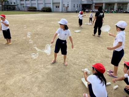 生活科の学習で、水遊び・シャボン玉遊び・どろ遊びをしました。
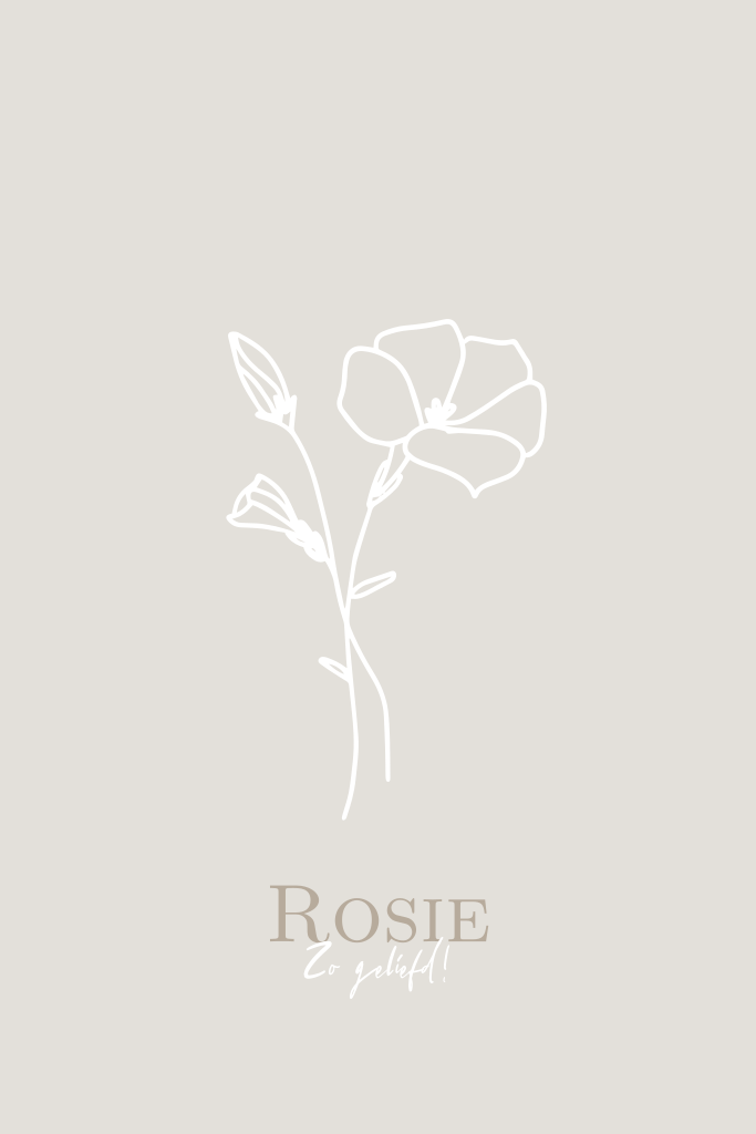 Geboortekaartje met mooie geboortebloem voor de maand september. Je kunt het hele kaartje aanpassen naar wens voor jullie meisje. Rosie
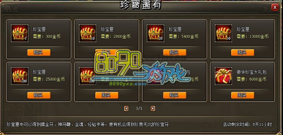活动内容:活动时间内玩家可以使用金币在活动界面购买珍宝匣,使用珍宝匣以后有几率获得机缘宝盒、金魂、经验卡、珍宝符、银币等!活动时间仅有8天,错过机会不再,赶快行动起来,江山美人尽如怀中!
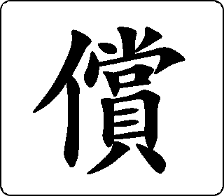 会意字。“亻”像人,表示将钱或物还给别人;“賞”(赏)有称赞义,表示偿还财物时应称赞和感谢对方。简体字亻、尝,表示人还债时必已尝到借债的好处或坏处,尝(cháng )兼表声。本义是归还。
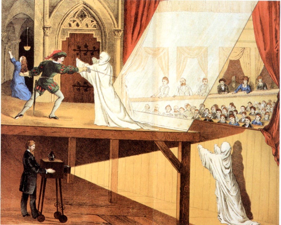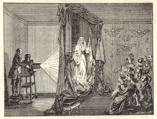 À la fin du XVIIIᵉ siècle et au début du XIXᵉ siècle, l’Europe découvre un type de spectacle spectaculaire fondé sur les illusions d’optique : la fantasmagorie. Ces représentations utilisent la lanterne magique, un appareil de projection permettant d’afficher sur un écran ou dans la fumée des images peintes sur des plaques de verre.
==
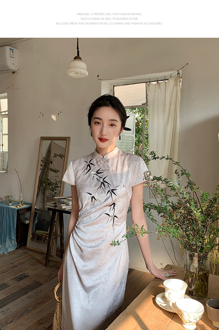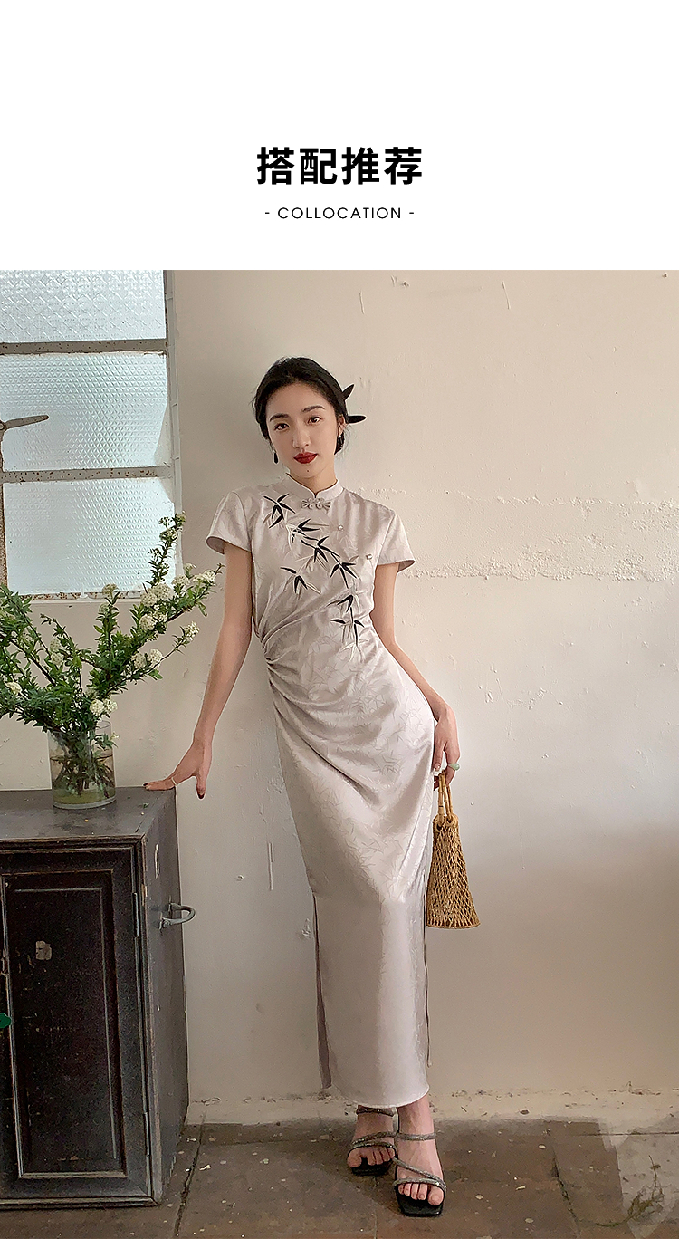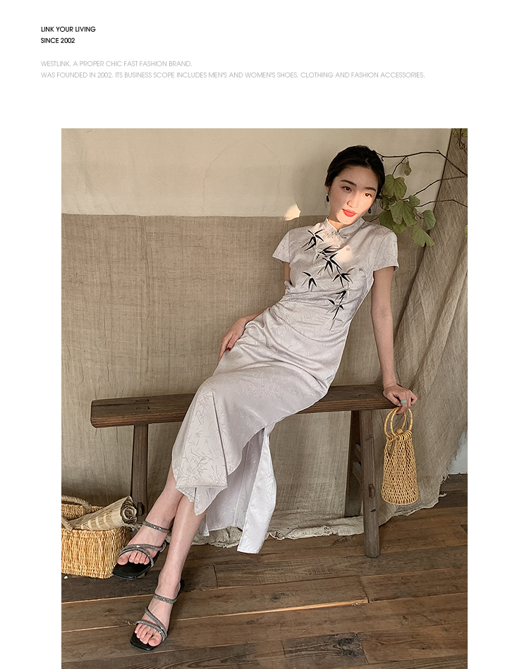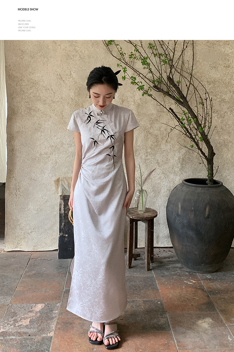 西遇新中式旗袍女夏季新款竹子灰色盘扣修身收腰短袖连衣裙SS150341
...
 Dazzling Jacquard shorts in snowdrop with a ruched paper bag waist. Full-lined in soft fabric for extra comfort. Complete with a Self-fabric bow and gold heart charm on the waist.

WHAT NEEDS TO BE DONE: Using the entries above, write out exactly the lines from the one with "活动内容:活动时间内玩家可以" through the one with "À la fin du", ends included. Leave out any pictures.

SOLUTION TO THIS PROBLEM:
活动内容:活动时间内玩家可以使用金币在活动界面购买珍宝匣,使用珍宝匣以后有几率获得机缘宝盒、金魂、经验卡、珍宝符、银币等!活动时间仅有8天,错过机会不再,赶快行动起来,江山美人尽如怀中!
 会意字。“亻”像人,表示将钱或物还给别人;“賞”(赏)有称赞义,表示偿还财物时应称赞和感谢对方。简体字亻、尝,表示人还债时必已尝到借债的好处或坏处,尝(cháng )兼表声。本义是归还。
 À la fin du XVIIIᵉ siècle et au début du XIXᵉ siècle, l’Europe découvre un type de spectacle spectaculaire fondé sur les illusions d’optique : la fantasmagorie. Ces représentations utilisent la lanterne magique, un appareil de projection permettant d’afficher sur un écran ou dans la fumée des images peintes sur des plaques de verre.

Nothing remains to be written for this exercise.